La société est organisée sur des lois et des règles. Ces normes régulent la conscience collective, l’organisation sociale et le vivre ensemble. Mais pour que le système des normes et des valeurs fonctionne, les individus confèrent un pouvoir à une entité appelé l’Etat. L’Etat est donc cet organisme qui assure la sécurité des individus et le respect des valeurs. Lorsque la sécurité des individus est mise en difficulté, lorsque individus ne se sentent plus protégés par l’Etat, cela veut dire que l’Etat a échoué et l’Etat est défaillant. C’est la philosophie du droit et de l’Etat. Or dans le cadre de l’accident d’ESEKA, l’Etat a été clairement défaillant. L’Etat n’a pas pu assurer la sécurité des individus.
La décision du président Biya de tenir pour responsable la CAMRAIL dans le drame d’ESEKA est appréciable, mais elle n’est pas suffisante. Car, il apparaît clairement que l’État a d’abord faillit dans sa mission de protéger les populations. Dans tous les pays du monde qui se respectent, des sanctions politiques devaient être prises depuis des mois contre les personnes en charge du secteur des transports. Soit ils auraient démissionné, soit ils auraient été viré du gouvernement. Car il s’agit de la vie et la sécurité des populations. CAMRAIL ne peut pas être tenue pour seul responsable de la tragédie d’ESEKA. Le président de la République doit aller plus loin en prenant des sanctions d’ordre politique.
C’est le ministre des transports qui autorisé, à la suite d’une réunion qu’il avait convoqué dans ses bureaux de tout faire y compris par les surcharges pour faire voyager les passagers. C’était une décision très grave avec les implications que nous connaissons aujourd’hui. Il était d’ailleurs à CAMRAIL à 12h50 le même jour pour s’assurer que les populations voyagent dans les conditions qu’il a lui-même prescrites. Il a démenti au 13heures de la CRTV l’information d’un accident ferroviaire. Un démenti qui a certainement eu pour corollaire, vu la confusion crée au sein de l’opinion, de ralentir tout le processus de secours. A 16 heures, en compagnie de Mama Fouda, qui était sapé comme jamais » en costume cravate, le ministre des transports a réquisitionné un hélicoptère pour se rendre à Eseka en compagnie de plusieurs journalistes dont Emmanuel Atangana de la CRTV. Or ils auraient également pu réquisitionner des hélicoptères pour faire acheminer les équipes de secours sur place. Le lendemain, voyant l’ampleur des dégâts et du mécontentement populaire, il convoque les journalistes de CANAL 2 pour démentir des propos qu’il a lui-même tenu sur les antennes de la CRTV. Autant d’éléments qui montrent clairement que la responsabilité du ministre des transports est clairement engagée.
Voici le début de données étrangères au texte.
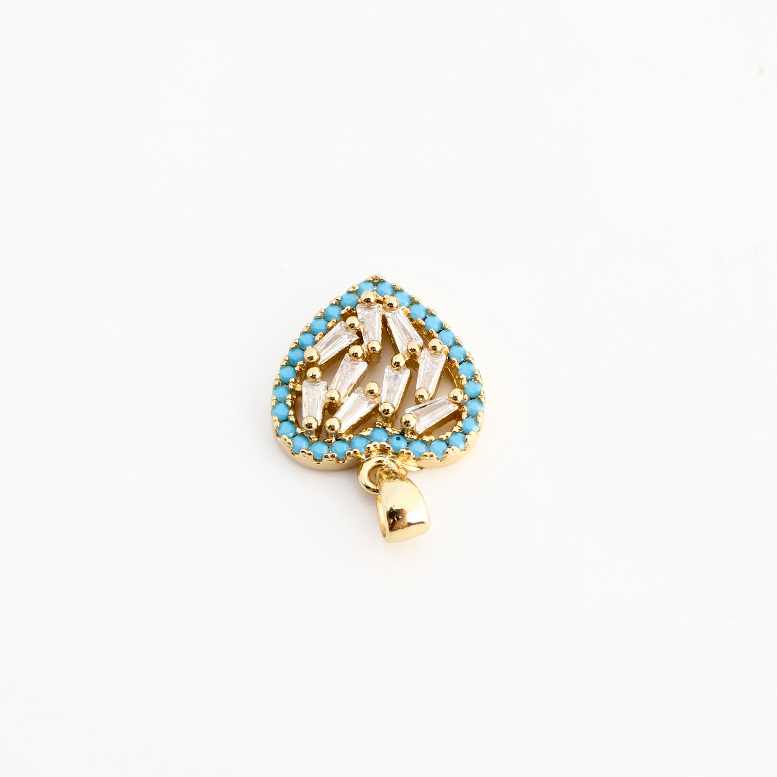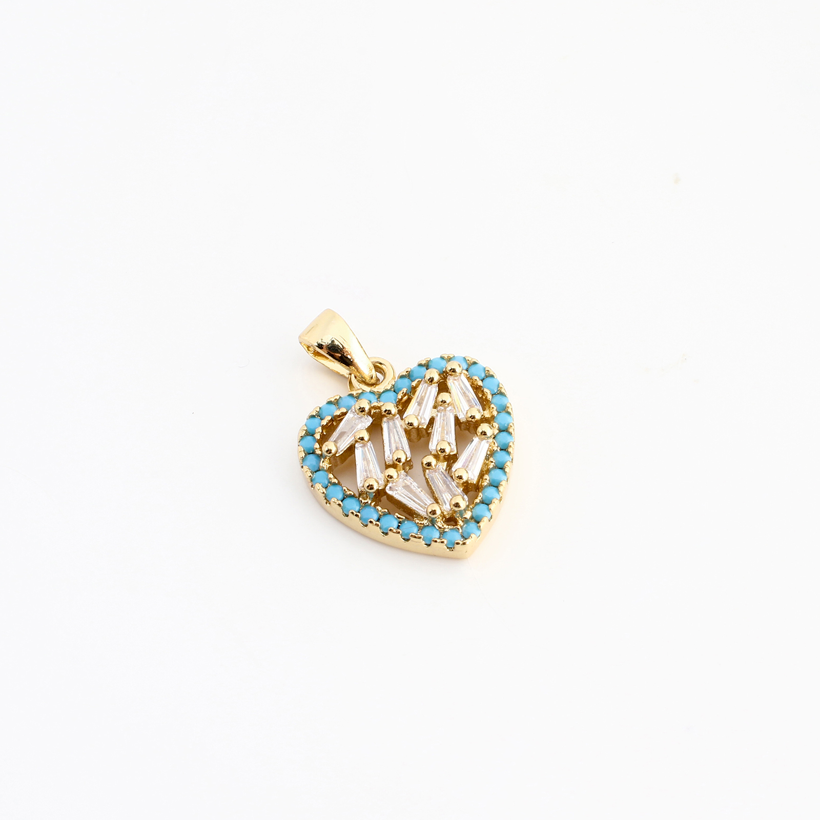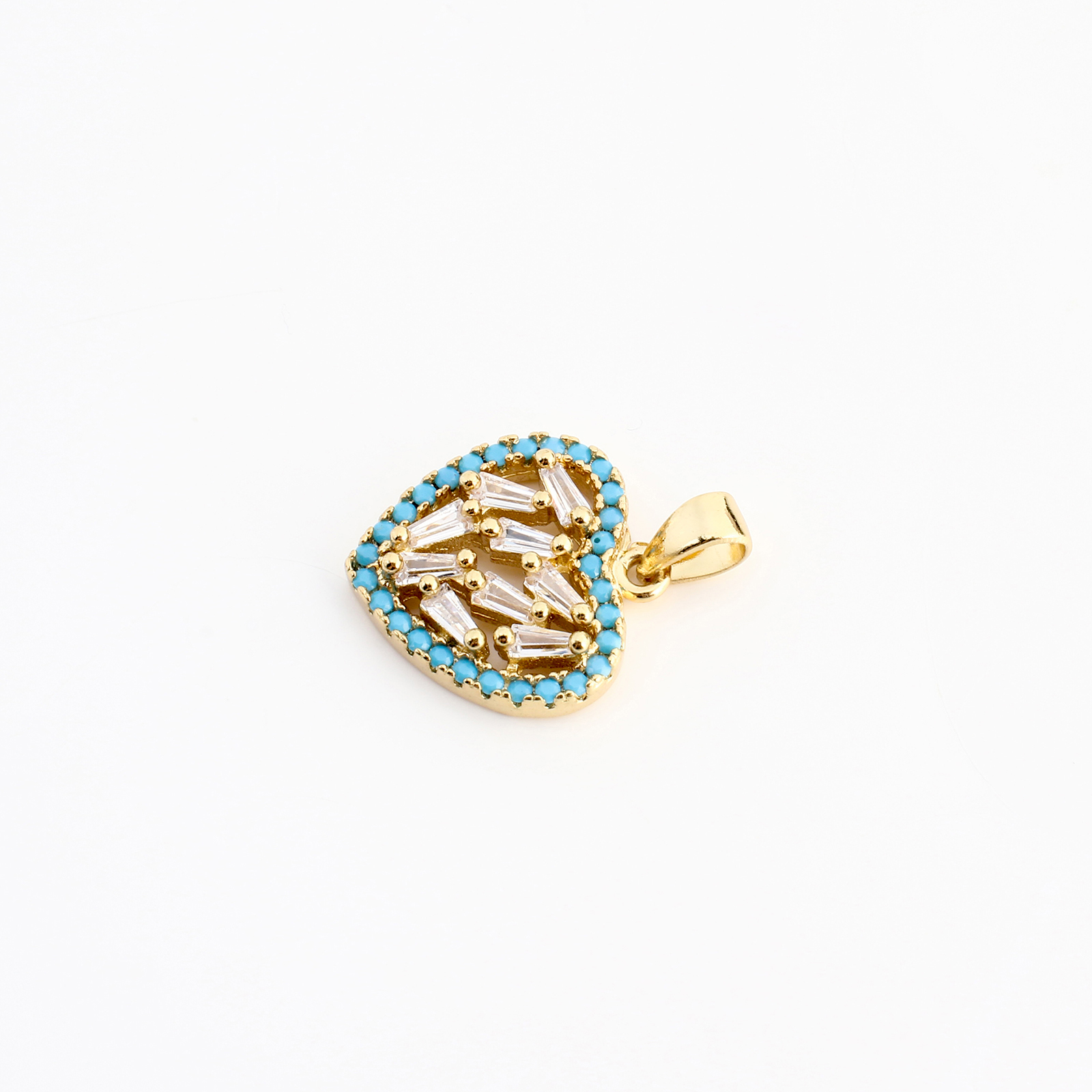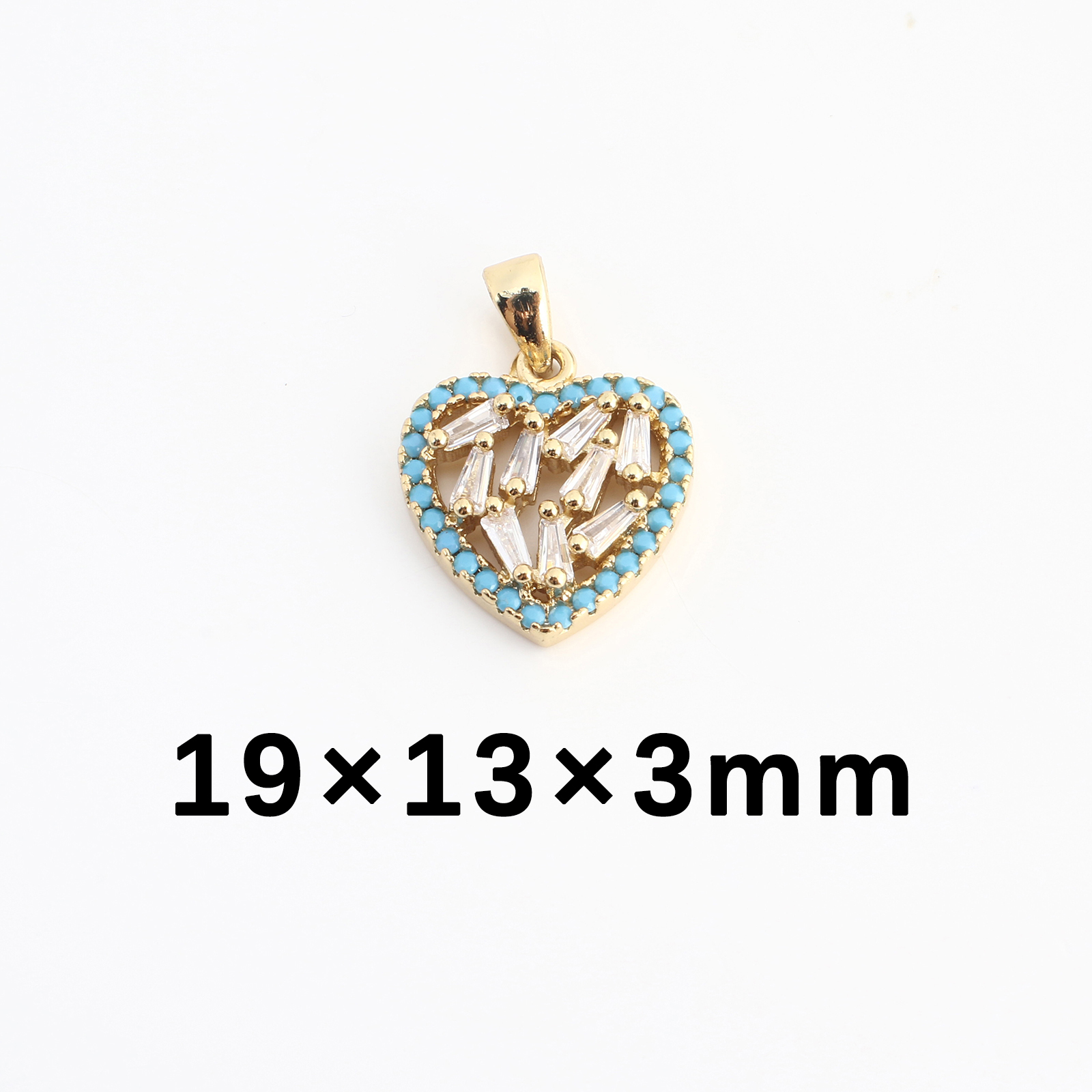 Cubique Pendentif en laiton zircon pavent, avec turquoise naturelle, coeur, DIY & pavé de micro zircon & creux, doré, 19x13x3mm, Vendu par PC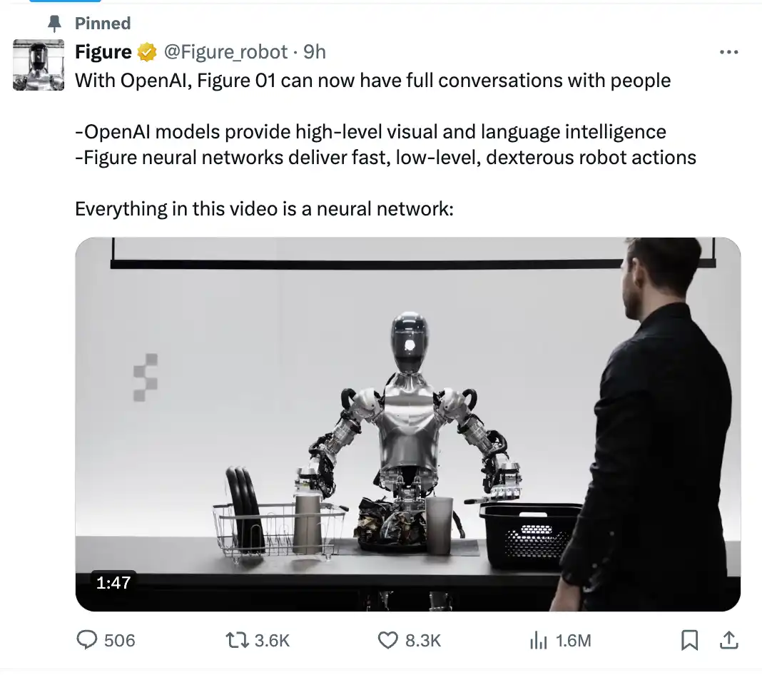 除了对话和视觉感知,Figure 01机器人还能够执行家务任务。当听到人类说“想吃东西”时,它能够迅速识别需求,并递过去苹果或其他食物。这一功能的实现,不仅展示了机器人在日常生活中的实用性,也进一步推动了人工智能与机器人技术的融合发展。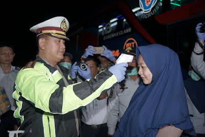 Semua penumpang, awak bus dan sopir Diperiksa satu persatu sebelum berangkat, semua dicek suhu tubuhnya dan memberikan hand sanitaser dan masker.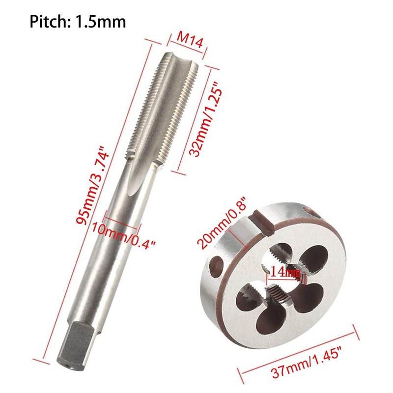 M14 x 1.5mm HSS Metric Tap And Die Set Thread Tap And Round Thread Die Right Hand HSS Taper Silver Tone (2Pcs)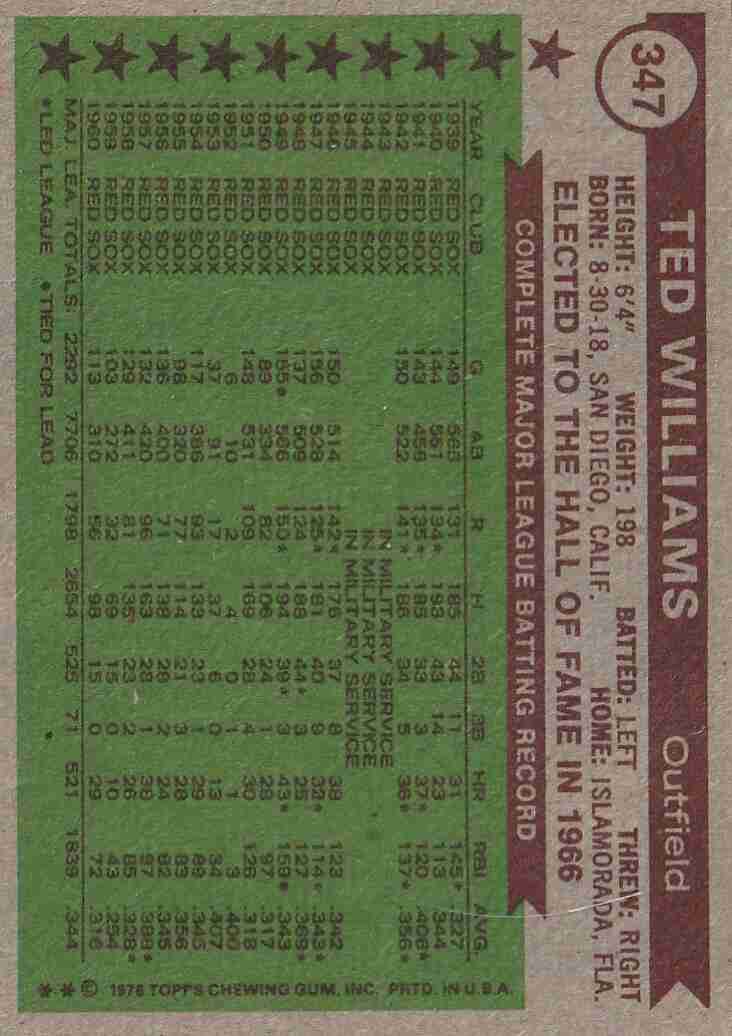 1976 Topps Sporting News All Time AS #347 Ted Williams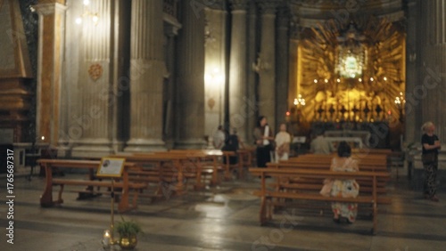 Fototapeta premium Blurred church interior with soft shallow bokeh and defocused altar, pews and...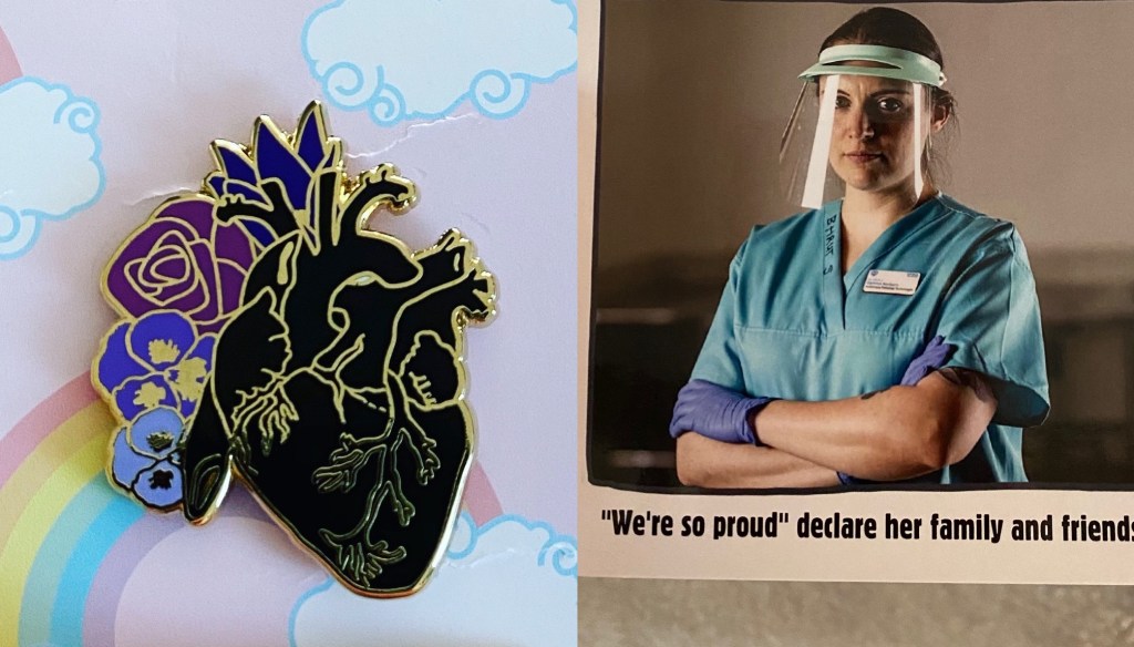 Something lovely that did happen this week was receiving some lovely gifts and cards from friends for finishing my assessments. I hope they aren’t celebrating too soon and I have actually passed, but it is a great feeling for the exams to be done and that in itself is a reason to celebrate. Received a lovely card from one friend and Rachel who I host Death Cafe with got me a gorgeous pin badge from a company called Curiology who you should check out here if you like cool stuff like that!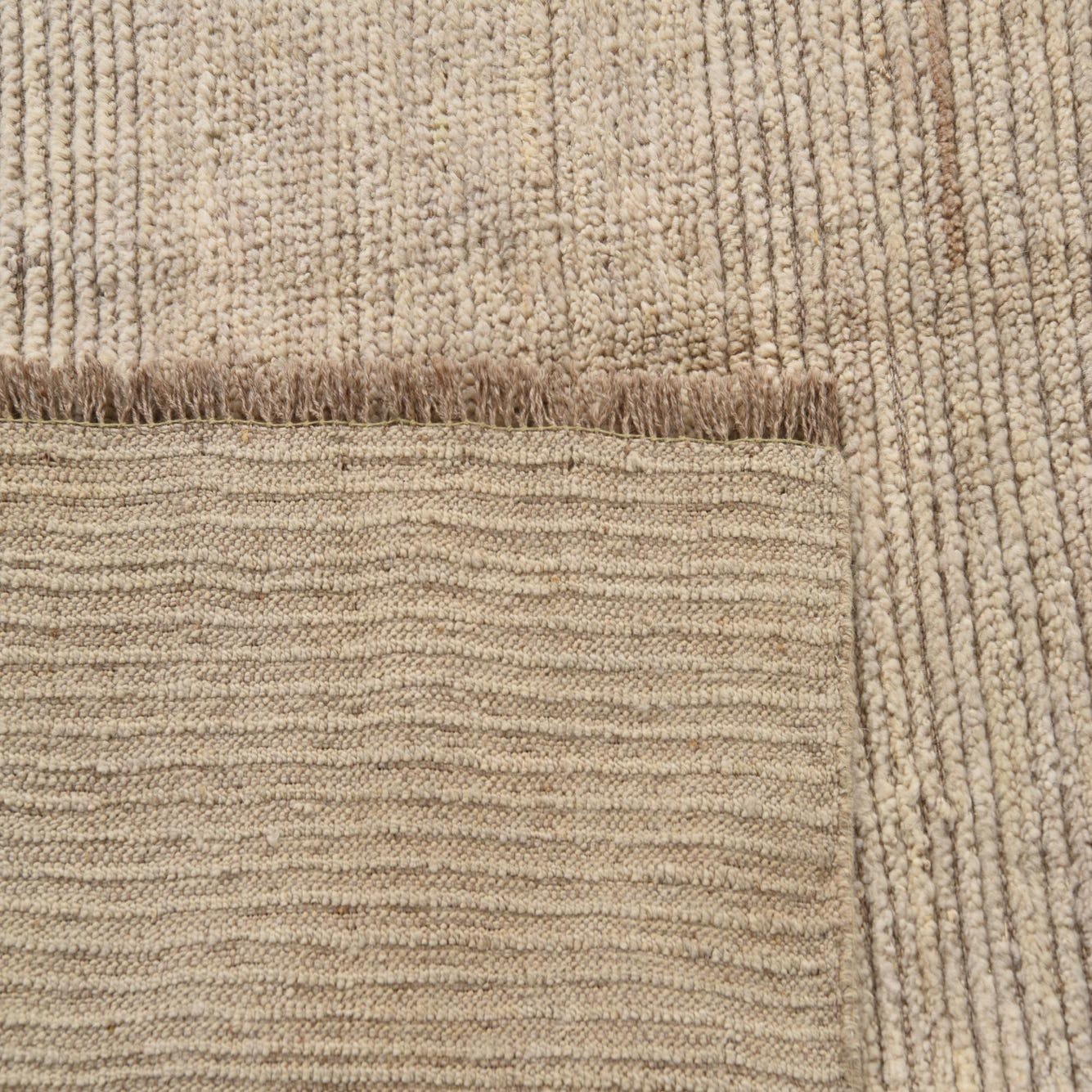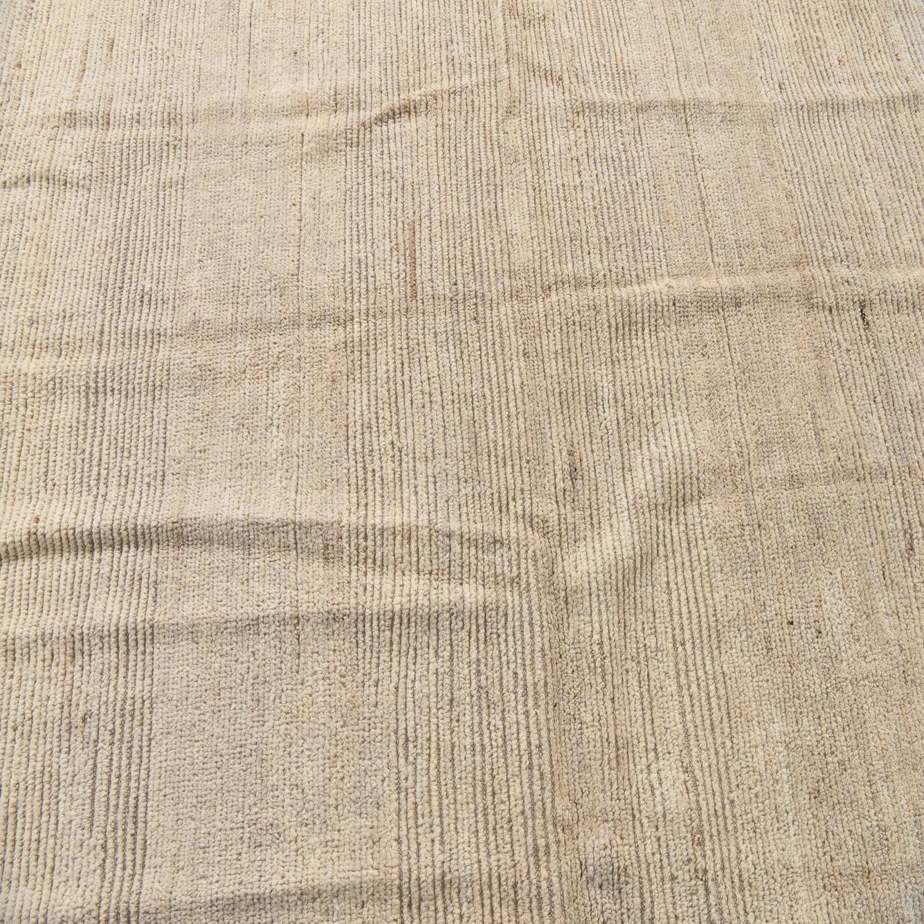 A 6x9 rectangular ivory shag rug with subtle horizontal tribal patterns, handmade from wool.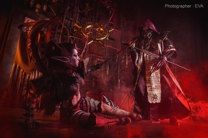 Персонажи: Темный Эльдар из культа Ведьм, Ересиарх (ориджинал, прямого прототипа во вселенной не имеет; противоположность итератору Экклезиархии - проповеднику Имперских Истин ).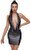 Kort kjole fra Cottelli PARTY i glitrende sølvglans. Smalt skåret fasong med ekstra dyp, fossende utringing som kun holdes sammen av ei dekorativ strasspenne. Halterneck og deilig ryggfri. Deilig elastisk stoff som gir behagelig passform.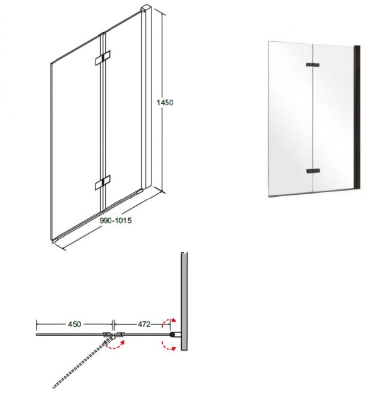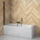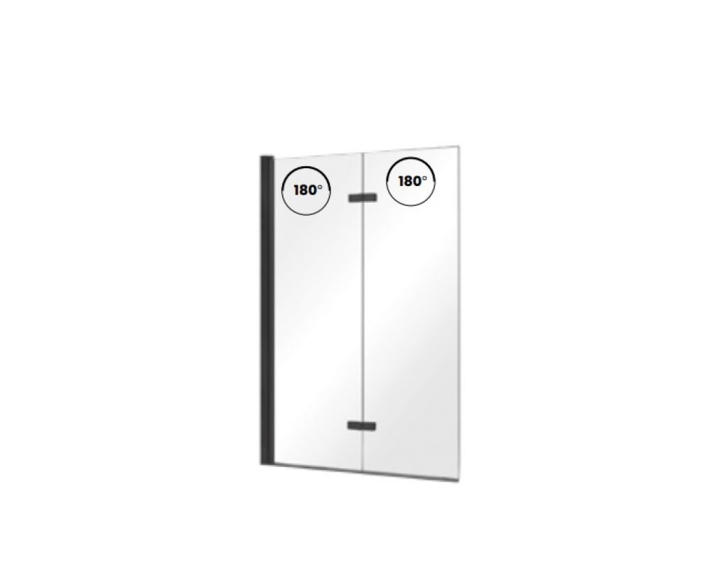 Pööratav mudel: parempoolne / vasakpoolne kokkupanek. Turvaline karastatud klaas ja alumiinium, metalldetailide matt must viimistlus. Sobivad vannid: mis tahes ristkülikukujuline vann pikkusega 110 cm ja rohkem (vann ei kuulu duššiekraani hinna hulka). Saadaval on lai valik sobivaid kraanide ja dušikomplektide seeriaid.

Nous savons très bien que le président ne fera rien. D’ailleurs, il s’agit de son fils. Mais il est de notre devoir, pour la mémoire des victimes, pour l’histoire que nous puissions toujours nous souvenir de nos malheurs. Aucune société, aucun peuple ne peut se bâtir sans justice. Mais chez nous, la justice est un mot qui a été rangé aux oubliettes depuis belle lurette.